§ Your goal
Please retype the entries below exactly, only from their first line through the line containing "La Unión de", leaving every picture out.
= = =
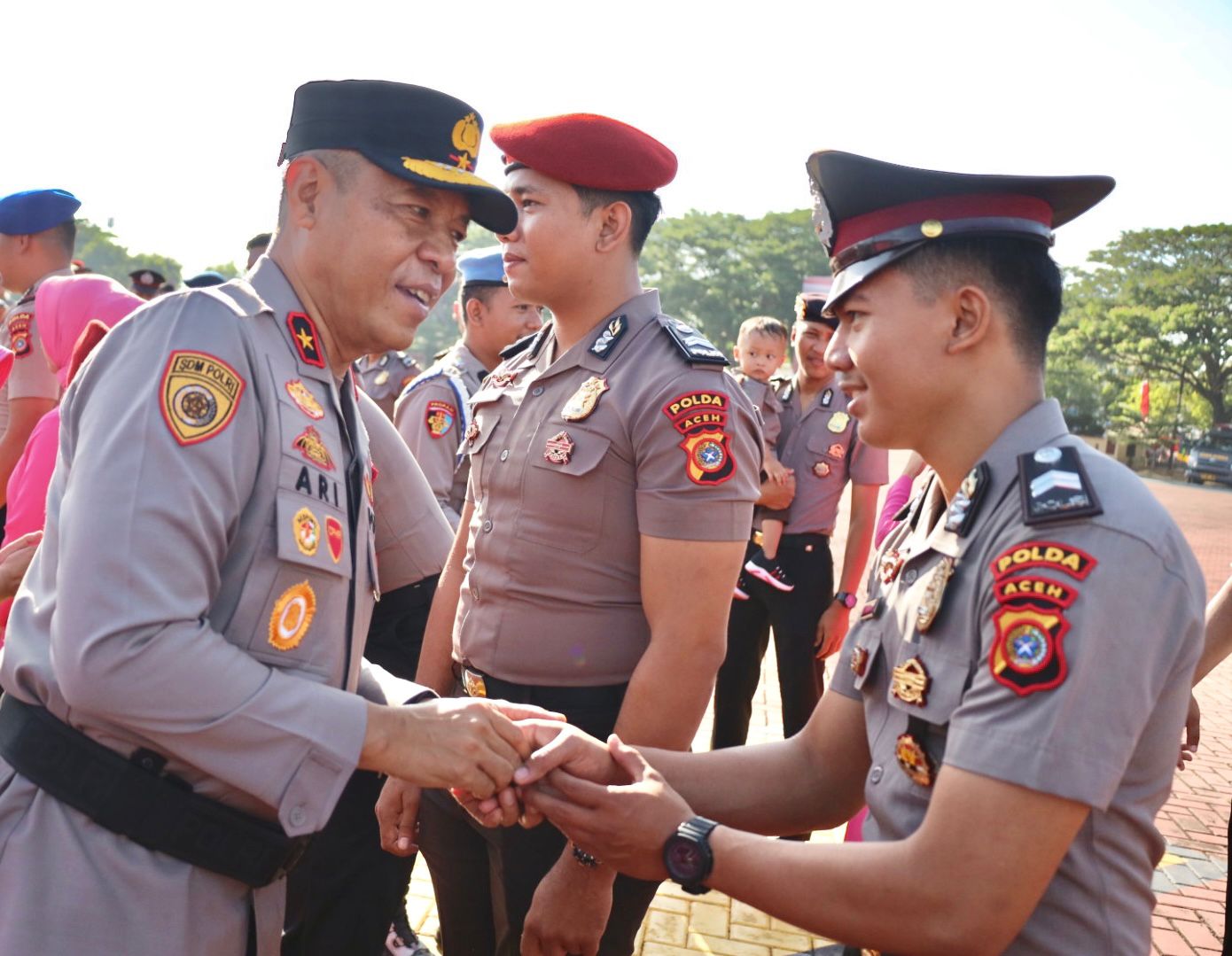 “Hari ini, 382 personel Polda Aceh dan 904 personel dari polres jajaran memperoleh kenaikan pangkat. Ini merupakan bentuk penghargaan dari negara atas dedikasi, integritas, serta pengabdian yang telah ditunjukkan dalam menjalankan tugas sebagai anggota Polri,” kata Wakapolda Aceh Brigjen Ari Wahyu Widodo, saat memimpin upacara laporan kenaikan pangkat di Mapolda Aceh, Senin, 30 Juni 2025.
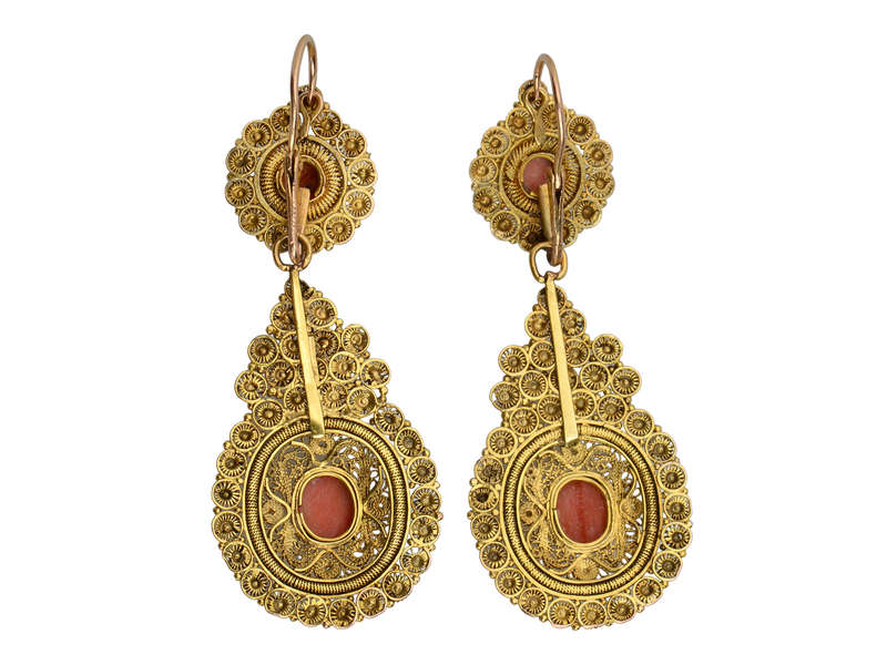 Coral, cannetille, and filigree wirework artistically fuse into an exceptional pair of Georgian-era earrings.
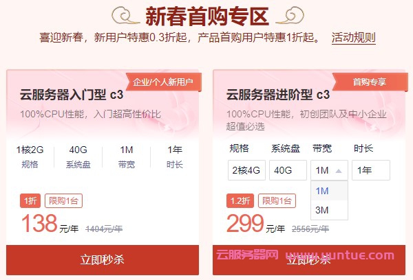 中小企业常见配置:低配的1核1G 1M带宽服务器价格:138元/年
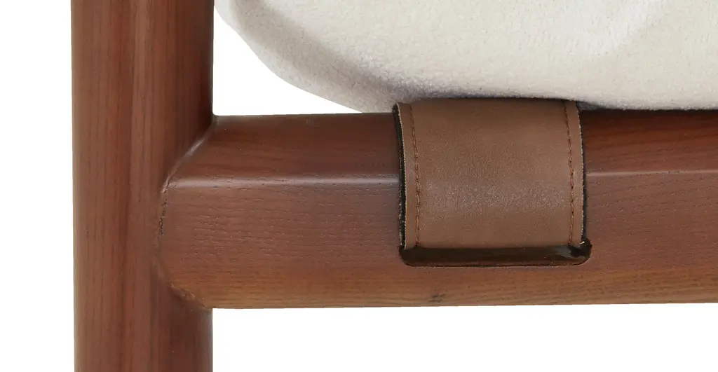 Say hello to your new favorite hangout! With a walnut-finished wood frame and vegan leather straps creating a hammock-style seat, this mid-century lounge chair is all about laid-back luxury. The Polar White performance fabric shrugs off stains like a pro, while the cushy, high-density foam seat is perfect for lounging. Style and comfort? Nailed it!
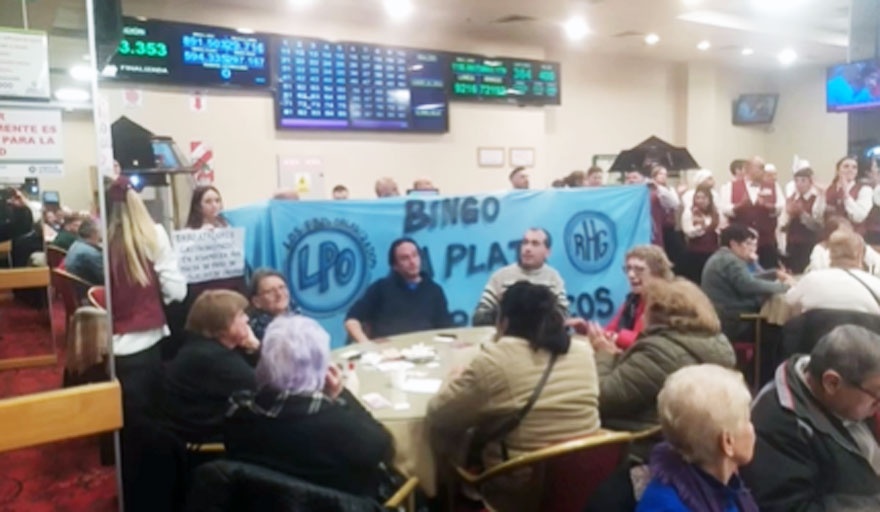 La Unión de Trabajadores del Turismo, Hoteleros y Gastronómicos de la República Argentina (UTHGRA) reclamó en el Bingo La Plata el pago de los aumentos salariales acordados en paritarias.
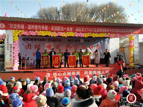 新疆民生网(辛乐)2018年12月13日,万木凋零,寒风刺骨,沙雅县英买力镇库如勒库木村却到处洋溢着温暖的气息,村委会的大院内充满了欢声笑语,一片沸腾,由乌鲁木齐领航育才T30、T31团队共同组织的爱心助学物资捐赠仪式在这里隆重举行,为全村的386名学生送去了冬日的关爱和温暖。
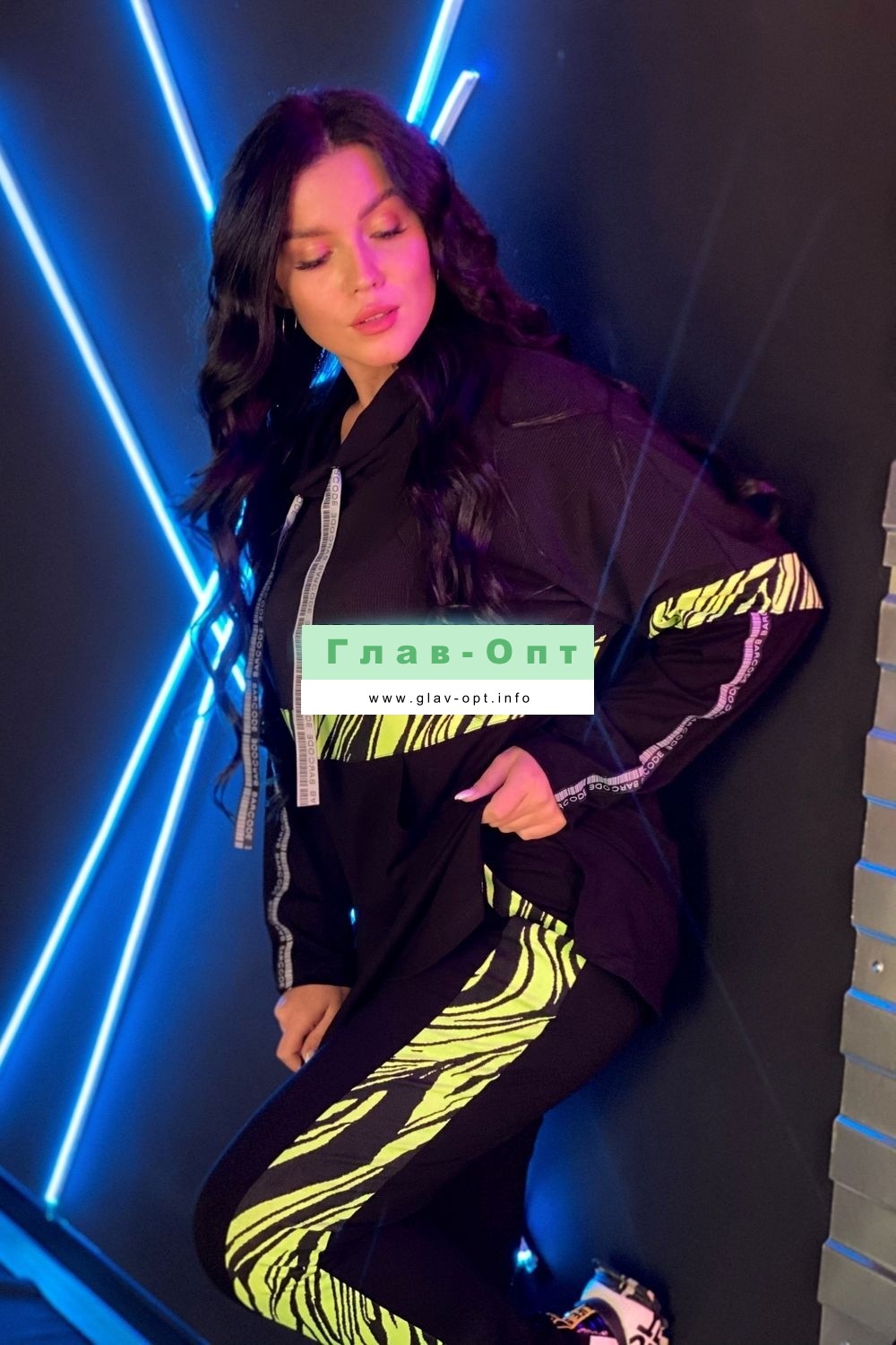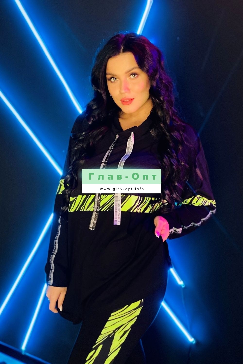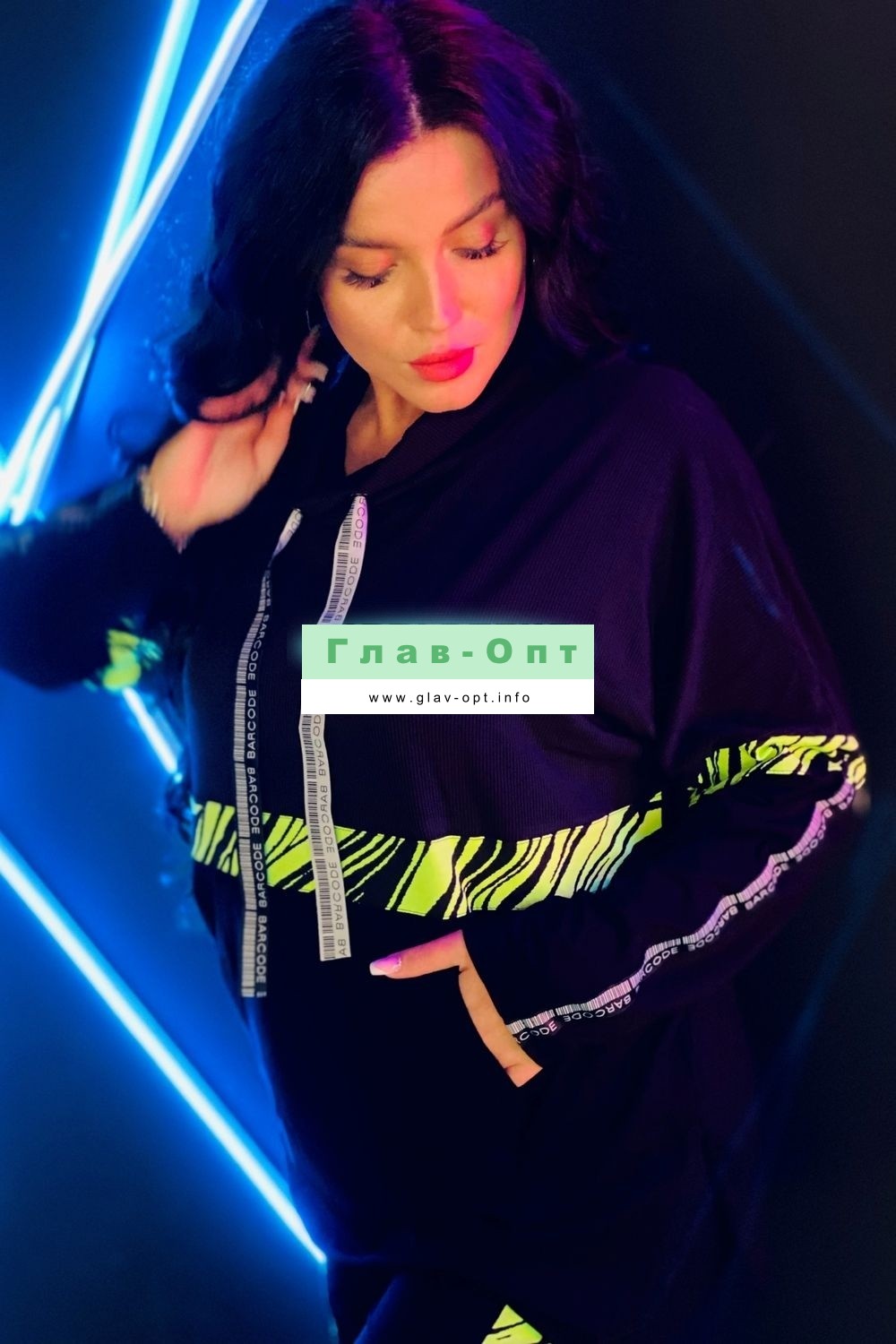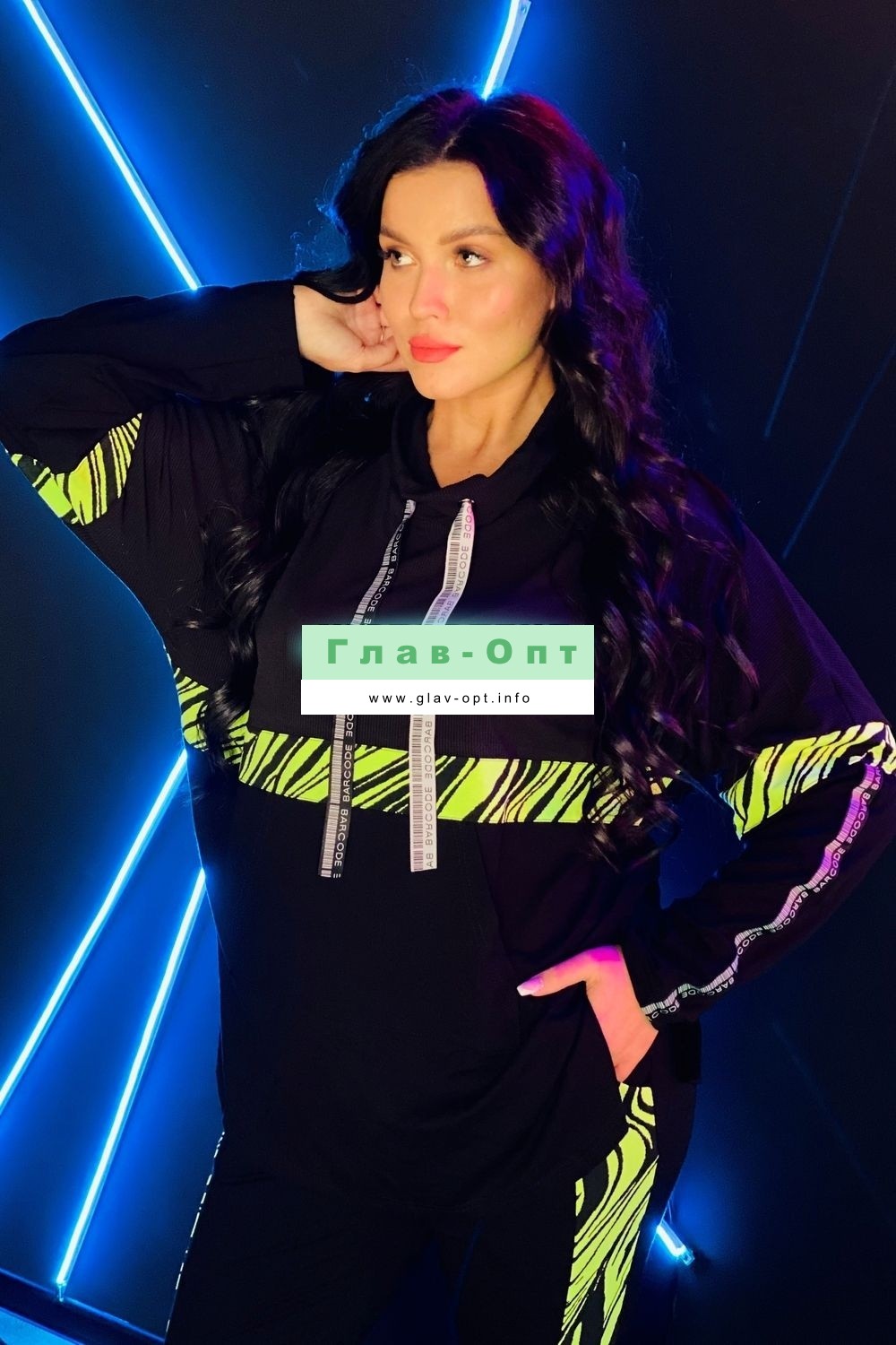 Туника женская прямого силуэта. Рукав цельнокроенный со швом. Воротник-стойка с люверсами и завязками. Верхняя часть полочки и спинки из кашкорсе. Нижняя часть туники из плотной вискозы. Вставки рукавов и полочки из яркой отделочной ткани. В нижней части полочки карман кенгуру .
= = =
§ Expected answer
 “Hari ini, 382 personel Polda Aceh dan 904 personel dari polres jajaran memperoleh kenaikan pangkat. Ini merupakan bentuk penghargaan dari negara atas dedikasi, integritas, serta pengabdian yang telah ditunjukkan dalam menjalankan tugas sebagai anggota Polri,” kata Wakapolda Aceh Brigjen Ari Wahyu Widodo, saat memimpin upacara laporan kenaikan pangkat di Mapolda Aceh, Senin, 30 Juni 2025.
 Coral, cannetille, and filigree wirework artistically fuse into an exceptional pair of Georgian-era earrings.
 中小企业常见配置:低配的1核1G 1M带宽服务器价格:138元/年
 Say hello to your new favorite hangout! With a walnut-finished wood frame and vegan leather straps creating a hammock-style seat, this mid-century lounge chair is all about laid-back luxury. The Polar White performance fabric shrugs off stains like a pro, while the cushy, high-density foam seat is perfect for lounging. Style and comfort? Nailed it!
 La Unión de Trabajadores del Turismo, Hoteleros y Gastronómicos de la República Argentina (UTHGRA) reclamó en el Bingo La Plata el pago de los aumentos salariales acordados en paritarias.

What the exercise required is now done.